Assessment of the peripheral vascular tree has been performed in order to assess changes after attempt of thrombolysis [6]. In future studies it would also be worthwhile to categorize the peripheral arterial tree according to the updated TransAtlantic Inter-Society Consensus (TASC) classification [20] and/or ANGIO score [21] before and after leg revascularization, to analyse the influence of these tools on outcomes. The initial angiography in patients with ALLI undergoing thrombolysis should be scrutinized with the purpose to have an accurate diagnostic categorization. Emergent computed tomography angiography of the lower extremities has insufficient diagnostic accuracy due to interference of calcifications of the lower leg arteries [22], and duplex imaging or magnetic resonance imaging are seldom available in the emergency setting.

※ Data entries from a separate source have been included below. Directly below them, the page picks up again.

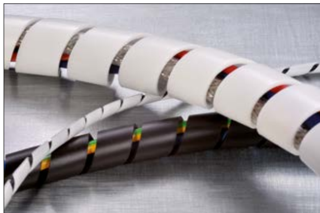
Węże spiralne SBPEFR są dostępne w szerokim zakresie średnic, w kolorach czarnym i białym.
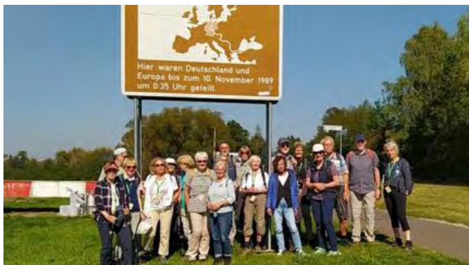
Wanderreise „Sagenhaft Grenzenlos“: Rundtour Grenzlandmuseum Eichsfeld
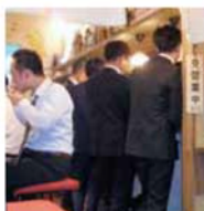
羽根つき餃子とハイボール 目当ての客で連日盛況

伏見地下街の立ち飲み屋 の先駆けとなったのが、二 〇一五年十二月オープン の日本酒が楽しめる「伏見立 呑おお島」。当時、居酒 屋のあり方と将来性を考 えて、立ち飲み屋の出店を 計画しました。「この地下
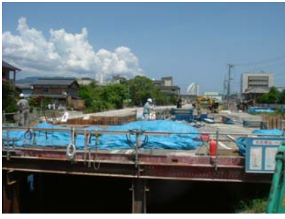
中橋架け替え工事 鶴見・永田JV
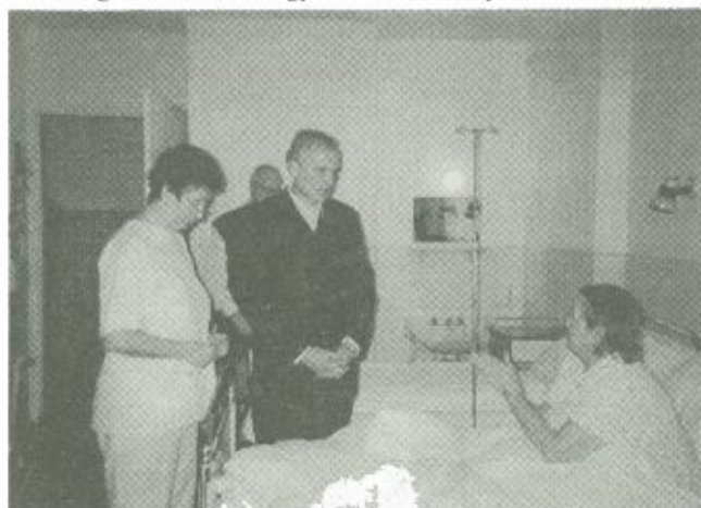
Dr. Mikola István, egészségügyi miniszter az árvíz sújtotta beregi településekről érkezett, kórházunkban elhelyezett betegeket látogatott meg a fül-orr-gége osztályon

Az egészségügyi miniszter elmondta, hogy nem fog megelégedezni a kórházzal, igyekszik minden segítséget megadni intézményünknek. Az árvízi helyzettel kapcsolatban közölte, hogy nagy mennyiségű gyógyszert és oltóanyagot hoztak a térségbe, amelyre azonban egyelőre nem volt szükség, mivel az ellátást magas színvonalon biztosítani tudták az intézmények. Hozzáfűzte azt
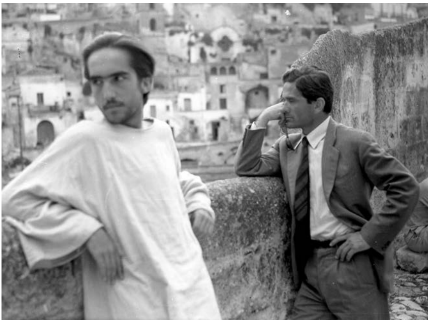
Pazolini i Enrike Irazoki (Enrique Irazoqui, 1944), u mestu Sassi di Matera (južna Italija), na snimanju filma Il Vangelo secondo Matteo , 1964.

„Razlika između adjektivnog i supstantivnog fašizma seže sve do časopisa Il Politecnico , drugim rečima, u vreme neposredno posle rata...“ Tako počinje članak o fašizmu Franka Fortinija ( L'Europeo , 26. XII 1974), članak s kojim se u načelu, kako se to kaže, potpuno i u celini slažem. 36 Ne mogu, međutim, da se složim s njegovim tendencioznim početkom. U stvari, razlika između dva „fašizma“, koju je artikulisao Politecnico , nije ni relevantna, niti aktuelna. Važila je do pre nekih deset godina, kada je demohrišćanska vlast još uvek bila čist i prost prođuzetak fašističkog režima.
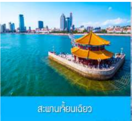
สะพานเจียงเจียว
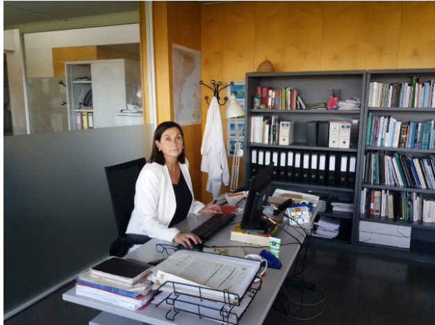
Despatx de direcció de l'IBB.

bastant perquè no el faig servir gaire. I per últim, he anat aprenent anglès. Però l'anglès és una llengua que a mi em va arribar tard i, tot i que la parlo i l'escriu a diari, no l'he arribat a dominar pas tant com el francès. I amb aquests cinc idiomes vaig tirant i sortint-me'n una mica com puc.
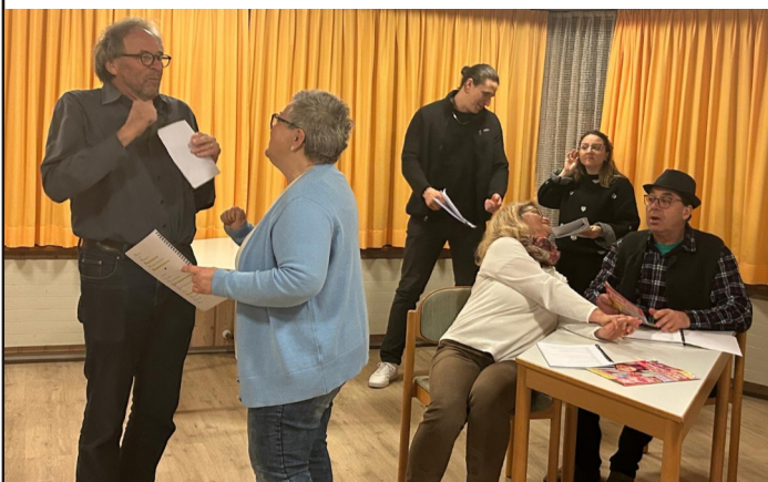
Probe für "Institut Amore"
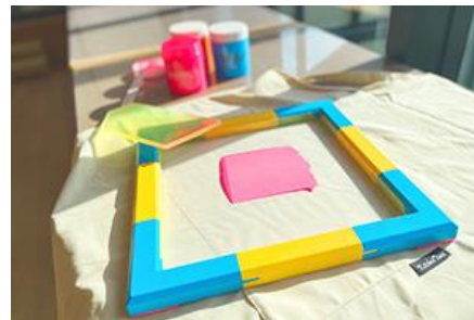
シルクスクリーン印刷

Limitations of the present study are attributed to its retrospective design. Patient selection bias is present since we do not know the overall number of patients with ALLI in the population. The number of patients undergoing open vascular surgery for ALLI during the study period was not documented either. However, in the present endovascular-oriented vascular center, a clear minority of ALLI patients are treated with open surgery. In a prospective study, it would have been worthwhile to include haemoglobin A1c (HbA1C), and specify DM as type 1 or 2, and also to specify the type of vascular surgery performed to obtain better understanding of differences between patients with and without DM, and between patients with type 1 and type 2 DM, respectively. Furthermore, assessment of patency was often done by clinical judgement only and not regularly based upon ultrasound examinations. This cohort study is based on a large patient sample, however, and confounding has been addressed by propensity score adjusted analysis.


Patients with DM differ in clinical characteristics, presentation and aetiology in ALLI and have a higher rate of major amputation and lower amputation-free survival rate after intra-arterial thrombolysis compared to non-diabetics.